Ya dos días habían pasado desde el funeral. A Hikifune le habían dado de alta. Aizen se la había llevado a su apartamento. Esta no había reclamado ni dicho nada acerca de aquel día. Era de mañana un día y ella estaba sentada en un camisón de Aizen frente a la gran ventana del apartamento de Aizen. Aizen dormía en su sofa. Ella miraba a su teléfono que no había recibido ni una llamada de Byakuya. Dio un suspiro y llamo a la compañía de teléfono. – Si bueno… quisiera cambiar mi número de teléfono por favor…- les dijo.
Más tarde en la mañana Aizen abrió los ojos. Sintió olor de comida venir desde la cocina. Se levantó y camino a la cocina – Buenos días.- le dijo.
Ella le sonrió. –Buen día. Me sorprende cuanto duermes…- le dijo.
Él sonrió.- Nunca he sido muy mañanero.- le dijo. – Veo que te sientes mejor.
-Si… decidí que es hora de seguir caminando…
-Seguir caminando?- le preguntó.
-Si… de decir adiós y seguir caminando…- dijo con un tonó triste mientras ponía tocino en un plato.
Él entendió a lo que se refería. – Cuando vamos a ir al doctor para arreglar lo de tu operación?- le preguntó.

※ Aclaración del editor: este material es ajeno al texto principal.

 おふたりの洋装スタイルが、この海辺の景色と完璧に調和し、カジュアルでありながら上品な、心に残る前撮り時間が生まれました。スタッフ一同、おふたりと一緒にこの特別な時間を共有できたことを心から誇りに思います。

-No me operaré.- le dijo seria mientras ponía el plato frente a él.
-Cómo?- le pregunto.
-Sé que sólo tengo dos meses… sé que me iré poniendo peor… pero quiero vivir lo que me queda viviendo. Tal vez la operación me cure, pero tal vez no lo haga. No quiero pasar lo último que me queda amarrada a una cama sin hacer todo lo que siempre quize hacer… Lo siento por ser egoísta de esta manera.- le dijo triste y viéndolo a los ojos.
Él sintió como si le jalaran algo dentro de su pecho.- No te disculpes…- dijo ella notó como le temblaban las manos a Aizen mientras este trataba de cortar el huevo.

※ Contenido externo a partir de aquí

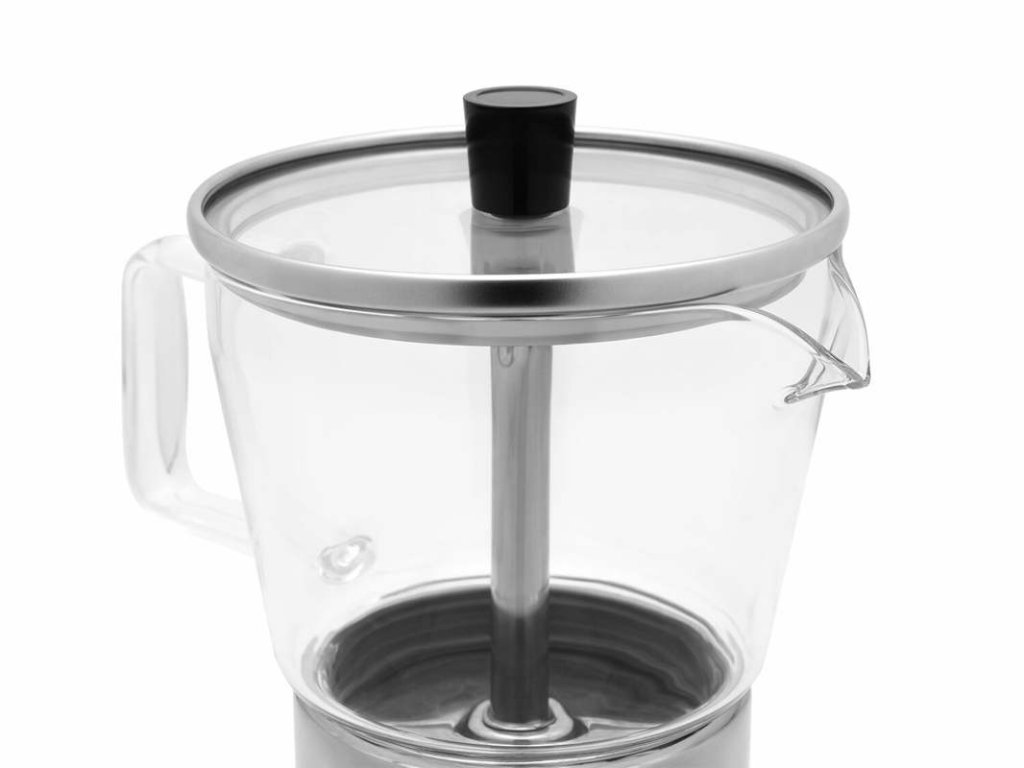 Velkou výhodou této moka konvičky je skleněná horní nádoba, díky které můžete sledovat celý proces přípravy kávy. Přesně tak víte, kdy je káva hotová a připravená k servírování. Praktická rukojeť zároveň zajišťuje pohodlnou a bezpečnou manipulaci při nalévání.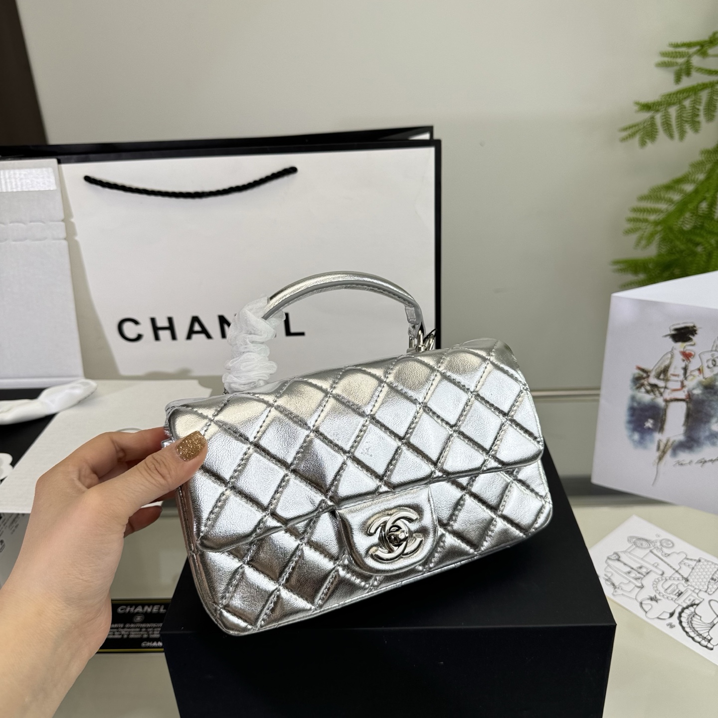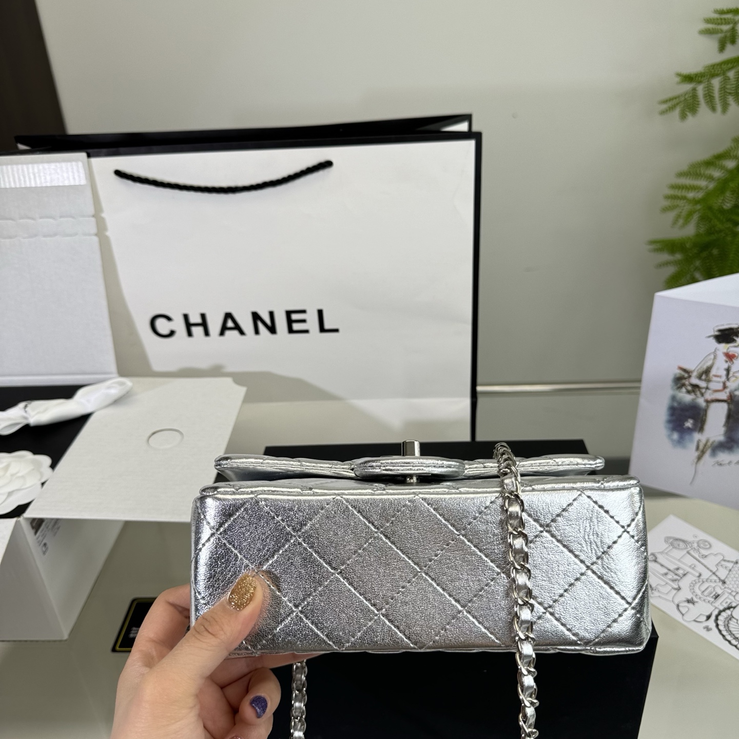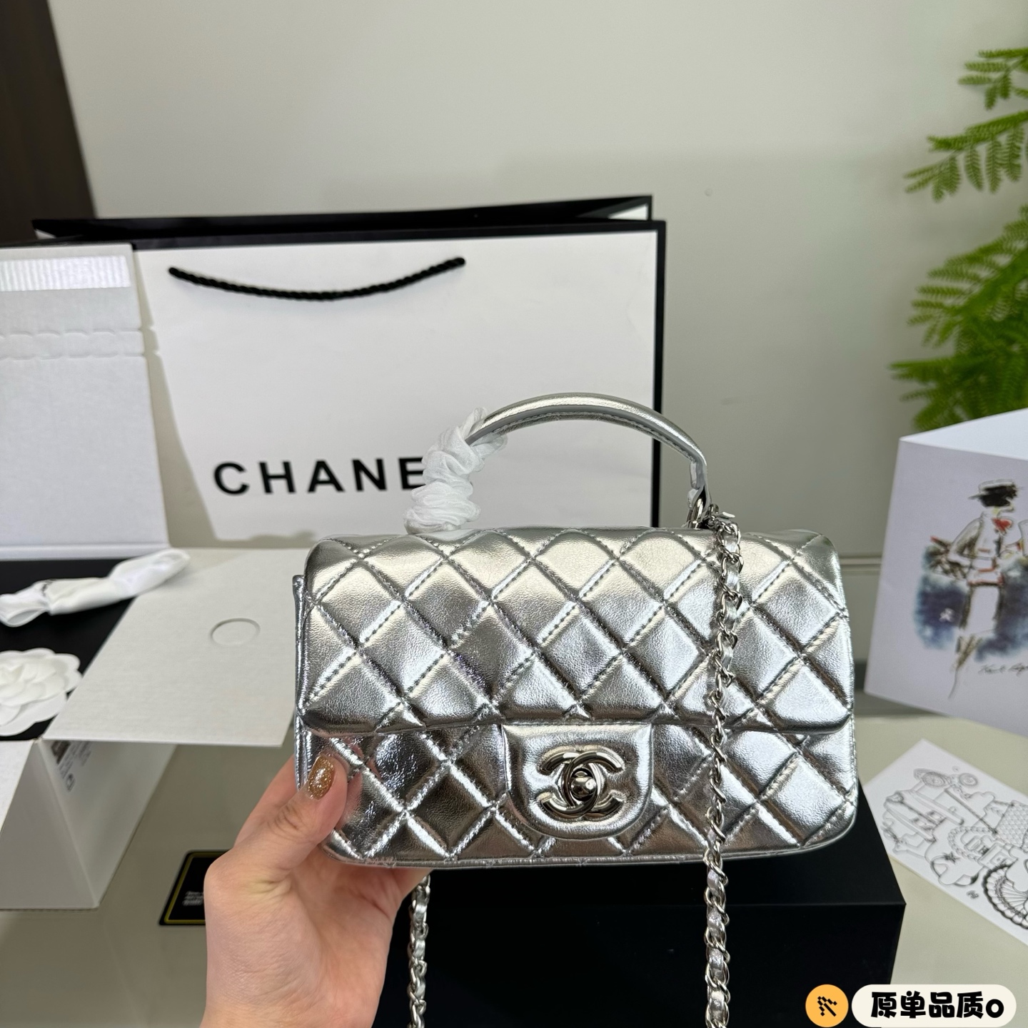 The product in the pictures is a stylish handbag from Chanel, available in metallic silver and black.

-También creo que es mejor que nos digamos adiós… no es justo que haga que nadie pase por esto conmigo. Es mi descisión. Me iré de regreso a Irlanda y allí pasaré en paz en casa de mi abuela. Creo que la pequeña casa debe seguir allí en la villa.- dijo con una sonrisa casi amarga sin tocar sus cosas.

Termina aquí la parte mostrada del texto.